Settlement Claims Process Completed in Final Settlement of Federal Portion Of Corrections Corporation of America Stockholder Litigation

January 2, 2002
NASHVILLE, Tenn., Jan 2, 2002 /PRNewswire via COMTEX/ --

Settlement Claims Process for State Portion Expected to Be Completed In First or Second Quarter of 2002

Corrections Corporation of America (NYSE: CXW) announced today that the settlement claims process has been completed in connection with the final settlement of previously outstanding stockholder litigation brought in federal court against the Company and certain of its current and former directors and executive officers. The settlement claims process for the settlement of the remaining state court litigation is currently expected to be completed during the first or second quarter of 2002.

As a result of the completion of the claims process in the federal stockholder litigation settlement, the Company has issued approximately 2.79 million shares of its common stock to the eligible claimants under the terms of the settlement. The Company's transfer agent and registrar, American Stock Transfer & Trust Company, has commenced the distribution of the shares of common stock, and it is anticipated that certificates representing the shares will be delivered to the claimants over the course of the next several weeks. In addition, pursuant to the terms of the settlement, the Company has issued a $26.1 million subordinated promissory note payable to the eligible claimants in the event the Company's common stock does not achieve certain trading prices prior to the maturity of the note on January 2, 2009. According to the settlement claims administrator, Gilardi & Co. LLC, approximately $27 million in cash insurance proceeds will also be distributed to the eligible claimants early in the first quarter of 2002 as part of the settlement.

Upon the completion of the settlement claims process in the state stockholder litigation, it is anticipated that the Company will issue approximately 310,000 additional shares of common stock to the eligible state class claimants. The Company will also issue a $2.9 million subordinated promissory note payable to the eligible claimants similar to the note issued in the federal settlement. Approximately $3.1 million in cash insurance proceeds will also be distributed to the eligible state class claimants.

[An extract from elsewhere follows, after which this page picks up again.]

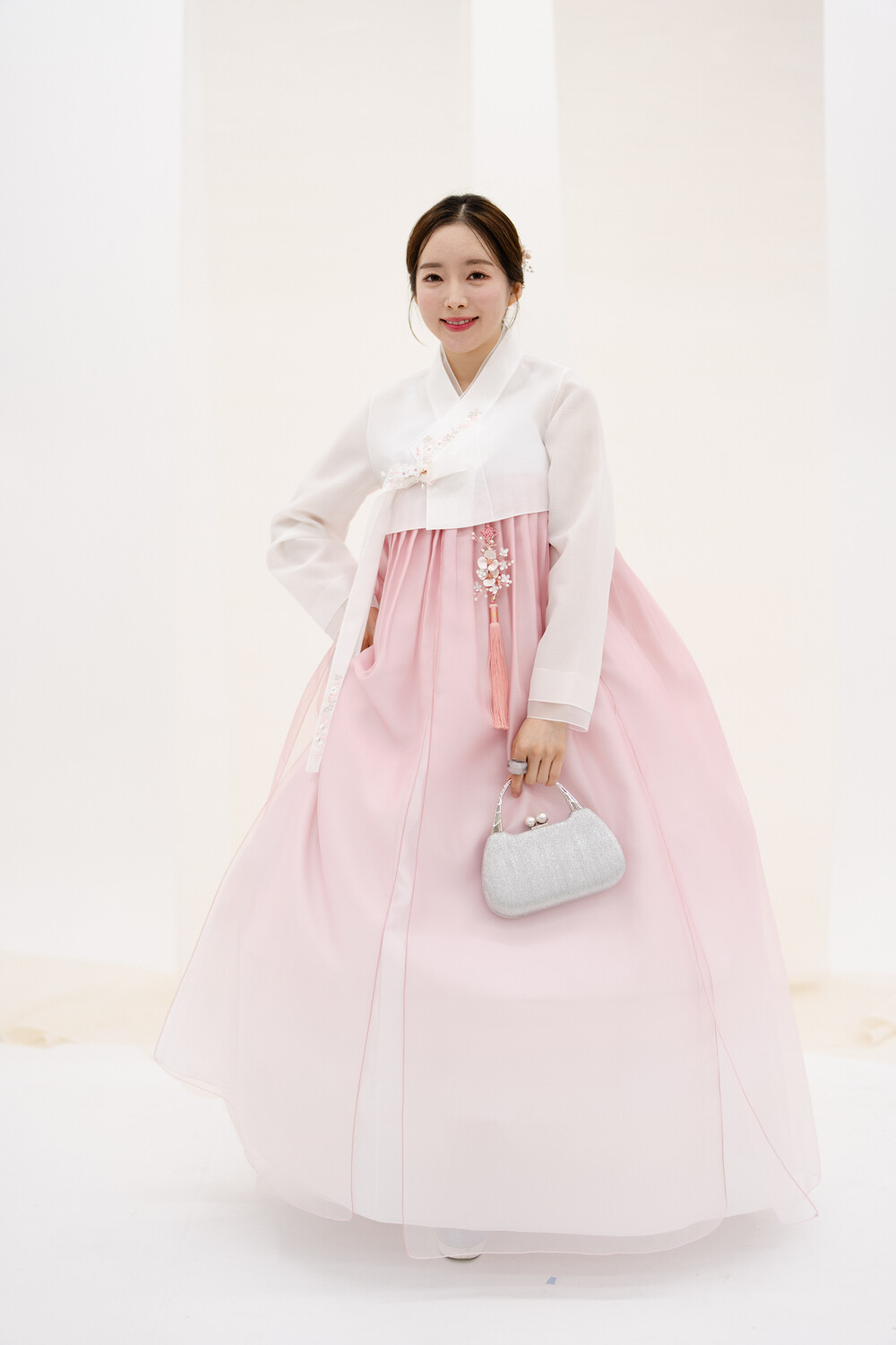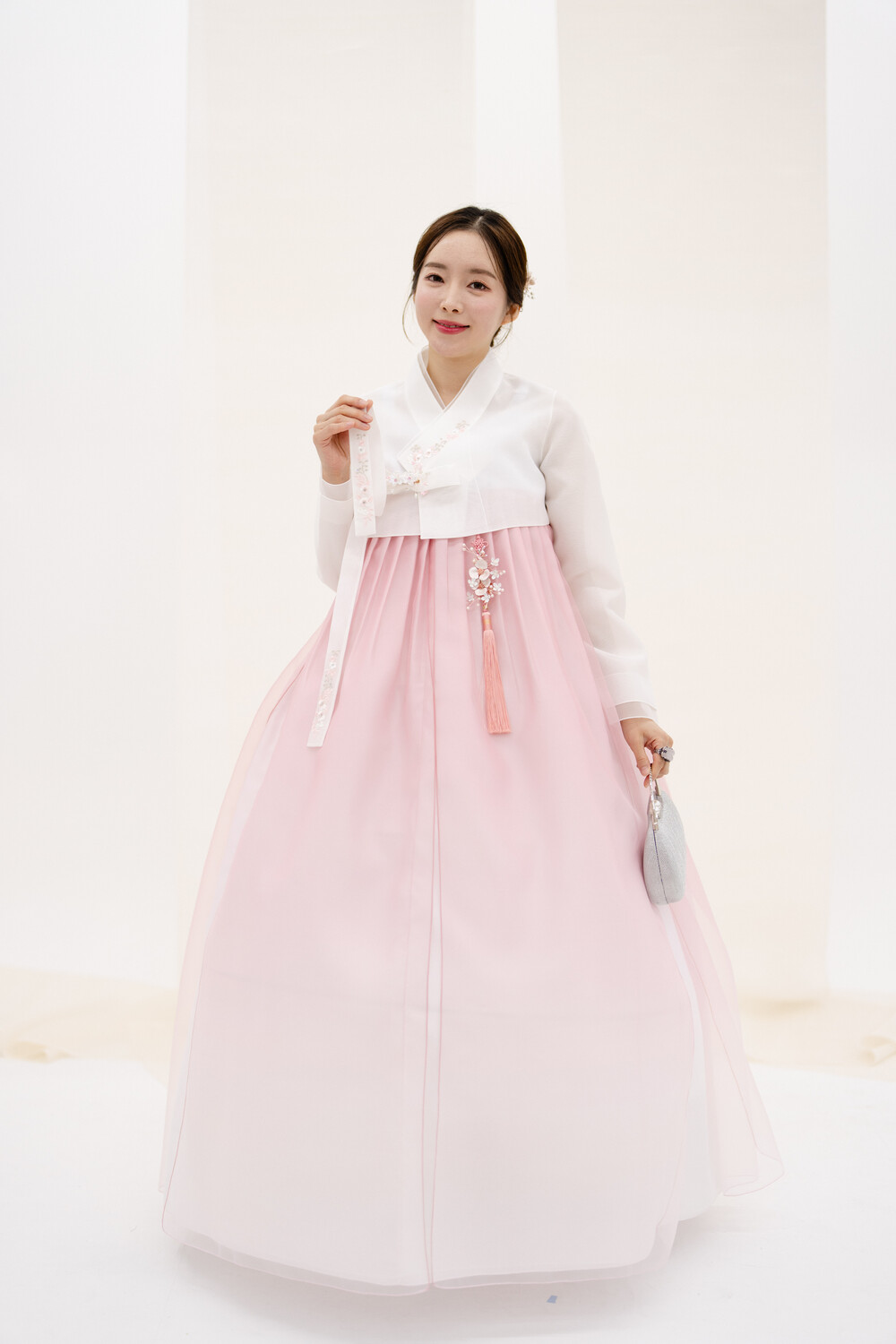 연핑크색 더블 그라데이션 갈래치마 입니다.

As previously disclosed by the Company, during the first quarter of 2001 the Company obtained final court approval of the settlement of a series of consolidated federal and state class action and derivative stockholder lawsuits. The final terms of the settlement agreements provided for the "global" settlement of all such outstanding stockholder litigation against the Company. Pursuant to the terms of the settlements, the Company agreed to issue or pay to the plaintiffs (and their respective legal counsel) in the actions: (i) an aggregate of approximately 4.7 million shares of the Company's common stock (on a post-reverse stock split basis); (ii) an aggregate $29 million subordinated promissory note; and (iii) approximately $47 million in cash payable solely from the proceeds of certain insurance policies. The Company has previously paid approximately $17.1 million of the insurance proceeds and issued approximately 1.6 million shares under the terms of the settlement to plaintiffs' counsel in the federal and state actions.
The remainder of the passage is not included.